Medial Unicompartmental Arthroplasty of the Knee

Jason M. Jennings, MD, DPT; Lindsay T. Kleeman-Forsthuber, MD; Michael P. Bolognesi, MD


J Am Acad Orthop Surg. 2019;27(5):166-176. 

In This Article

Outcomes for Conversion of Failed Unicompartmental Knee Arthroplasty to Total Knee Arthroplasty

One of the supporting arguments for UKA is that conversion to TKA is technically less challenging and morbid than TKA revision. Conflicting literature exists on the validity of this argument. Sierra et al[40] reviewed their series of failed UKAs who underwent conversion to TKA. The postconversion complication rate was 13% overall with 4.4% incidence of aseptic loosening, 3.3% of stiffness, and 1.2% of deep infection. The re-revision rate after conversion was 4.5% performed at average of 2 years from conversion surgery.[40] Complication rates after UKA conversion were similar to those after primary TKA and better compared with revision of a failed TKA.[40]

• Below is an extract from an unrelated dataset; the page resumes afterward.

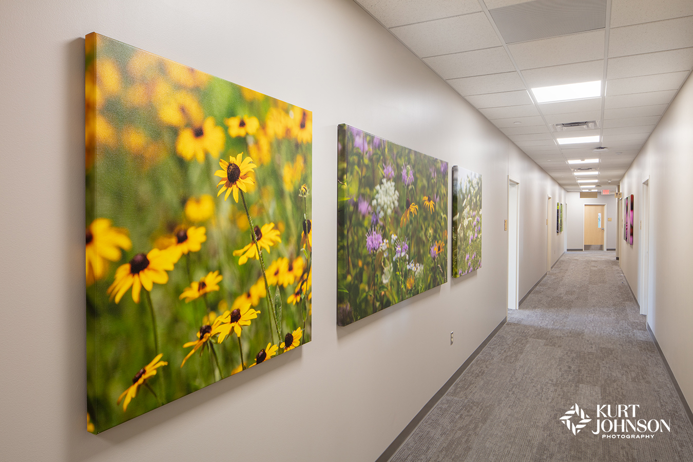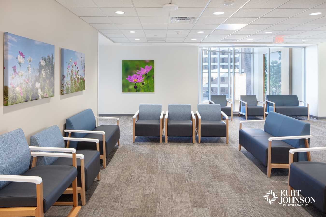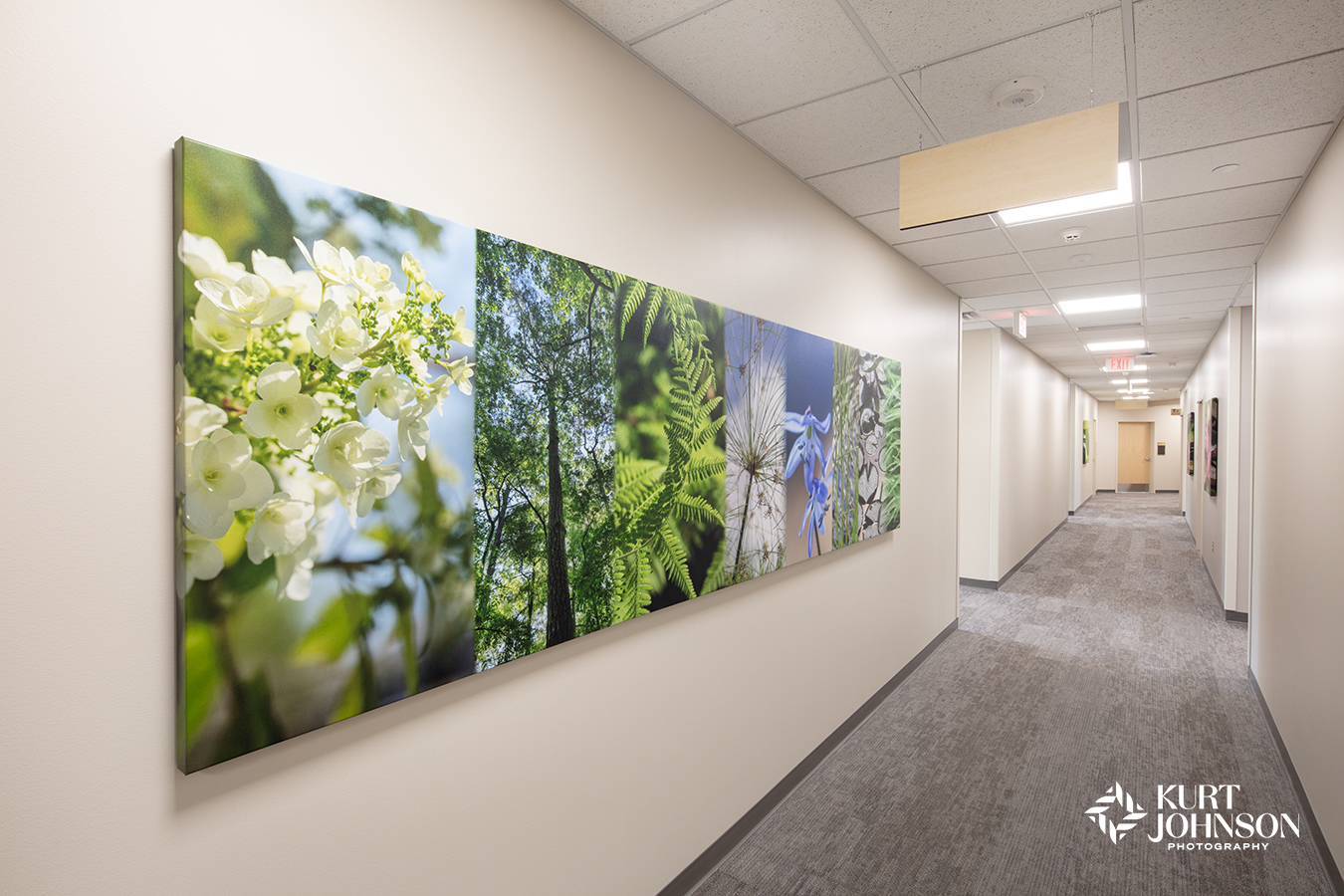 It’s important for hallways and common areas to feature a mix of soothing and inspirational images to uplift patients as they move through the facility.

Other studies have shown worse outcomes of UKA conversion compared with those of primary TKA. Pearse et al[41] reviewed 236 failed UKAs from the New Zealand registry and found fourfold higher risk of re-revision in the failed UKA group compared with that in the primary TKA group. Furthermore, the age at re-revision of a failed UKA was 7 years younger than those who underwent revision of a primary TKA. Functional scores for converted UKAs were markedly lower than for primary TKA but were similar to scores for revised TKAs.[41] Another study by Leta et al[42] of the Norwegian database compared outcomes after conversion of 578 failed UKAs and revision of 768 failed TKAs with similar 10-year survival between groups (82% versus 81%) and found no difference in re-revision rates or patient-reported outcome scores. They found a markedly higher risk of deep infection in the revised TKA group with longer surgical duration and increased need for stems and/or augmentation than in the conversion UKA group. Collectively, these results indicate that outcomes after conversion of a UKA may not be as optimal as previously suggested but still show comparable or better outcomes than revision TKA.